Дракон обнял её, прижав к себе, и она увидела большие радужные крылья, развернувшиеся за его спиной. Он поднял её с лёгкостью как картонную безделушку, сжал, и она поняла, что ей уже не вырваться, а бояться того, что он уронит, не стоит. Не произойдёт такого.

– Ну что, моя птица-странница? – спросил он, – тебе страшно?

– Значит, я умерла для Паралеи навсегда?

– Можешь и передумать. Время пока есть.

Ландыш ощутила избавление от его сжатия, но одновременно ей стало очень холодно и одиноко. Её сотряс озноб, – Нет! Я хочу с тобою… Чтобы навсегда…

Припозднившиеся подруги

Ифиса и Рамина стояли у входа в башню. Ифиса никак не могла отдышаться после поднятия сюда своего грузного душевместилища по нескончаемому количеству ступеней. Она не хотела даже мысленно именовать себя телом. Она никогда себя физическим объектом, отдельным от души, не ощущала. Душа была не отделима от тела во всякую минуту и стойко сносила все испытания, насылаемые на неё физикой своего носителя.
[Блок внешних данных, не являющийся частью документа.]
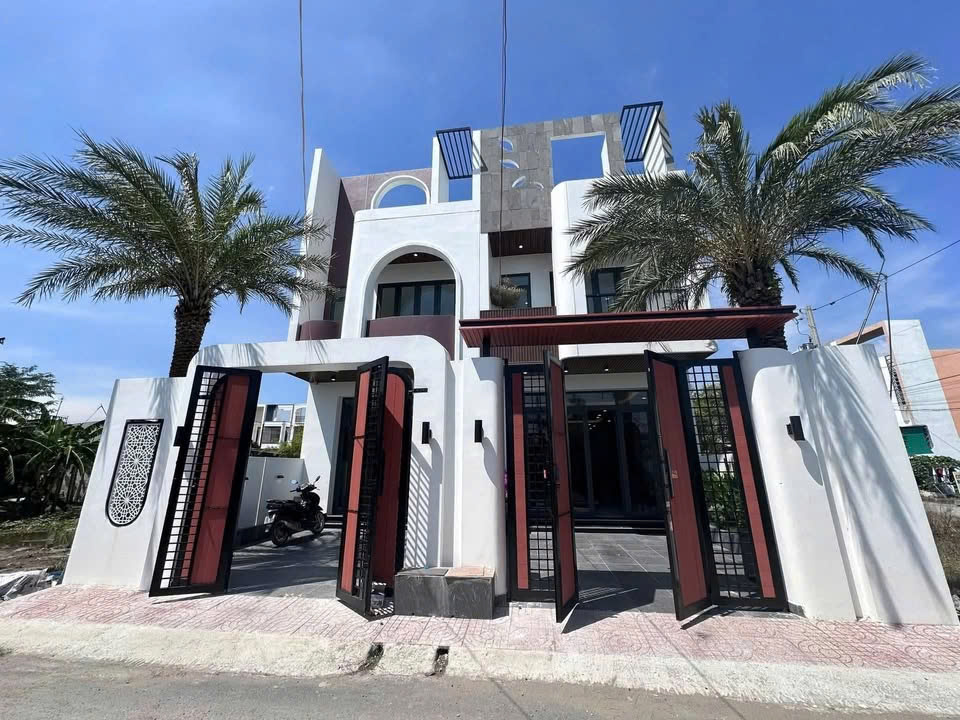 nhà xây kiêng cố hiện đại với 3pn, 2wc, sân xe hơi, phòng khách, phòng bếp, có không gian thờ

– Уф! Уф! Ну и высота! – пропыхтела она, обращая свой взор на ближайшие пологие вершины, поросшие диковатыми зарослями, а также фруктовыми рощами чуть ниже. – Как можно тут жить?

Едва они подошли к площадке, на которую и выходили узорчатые двери, ведущие в здание, как одна створка раскрылась, и выскочил целый вихрь, состоящий из вопящих мальчишек. Они едва не сшибли Ифису с ног. Это были дети Ланы. Их звали Кон-Стан, Влад-Мир и Капа. Двое были одинакового роста, почти не отличимые один от другого, а третий поменьше и очень светленький.

– Тише вы! Одурели! – закричала Рамина, пытаясь схватить хоть кого за шкирку. Но они ускользнули и едва ли не кубарем покатились вниз, где у них была не только своя площадка для игр, но и полная воля для более далёких вылазок. – Как это Лана отпускает их совсем одних? Тут кругом крутизна и заросли, – удивилась Рамина.

– Лана, как я заметила уже давно, очень безалаберная мать, – поддержала её Ифиса. – Такое чувство, что она нисколько не дорожит собственными детьми. Воспитательница у неё такая, что не просыхает после ночных гулянок по домам яств, а муж вечно работает, или не работает, кто же знает? Но он вечно в отсутствии. Только старый затворник Тон-Ат из самой удалённой башни способен обуздать их. Кажется, он лично обучает их, поскольку обычную школу они не посещают.

– Всё-то ты знаешь, обо всех и всегда, – вставила Рамина.

– А то. Душа у меня такая всеохватная. Вот и о тебе знаю, что ты, когда отдаёшь свою дочку мне и Оле для забавы при нашем-то одиночестве, принимаешь у себя бывшего преступника.

– Кто? – вскрикнула Рамина. Её хорошенькое личико заалело, а рот приоткрылся от возмущения и желания одарить Ифису ругательством.

– Кто? Конь с яйцами, но с мужской личиной. Торин-Ян его имя. Как же это ты с ним сошлась? Где?

– Где? Он же выкупил в своё время мой павильон у моего бывшего мужа. Потом уж павильон забрали обратно и вернули мне. Вот Торин обо мне и не забыл. Говорит, что только надежда вернуться ко мне, грела его все годы во время исправления трудом. Он полюбил меня с первого взгляда. Дочку мою хочет удочерить. И своих детей от меня хочет.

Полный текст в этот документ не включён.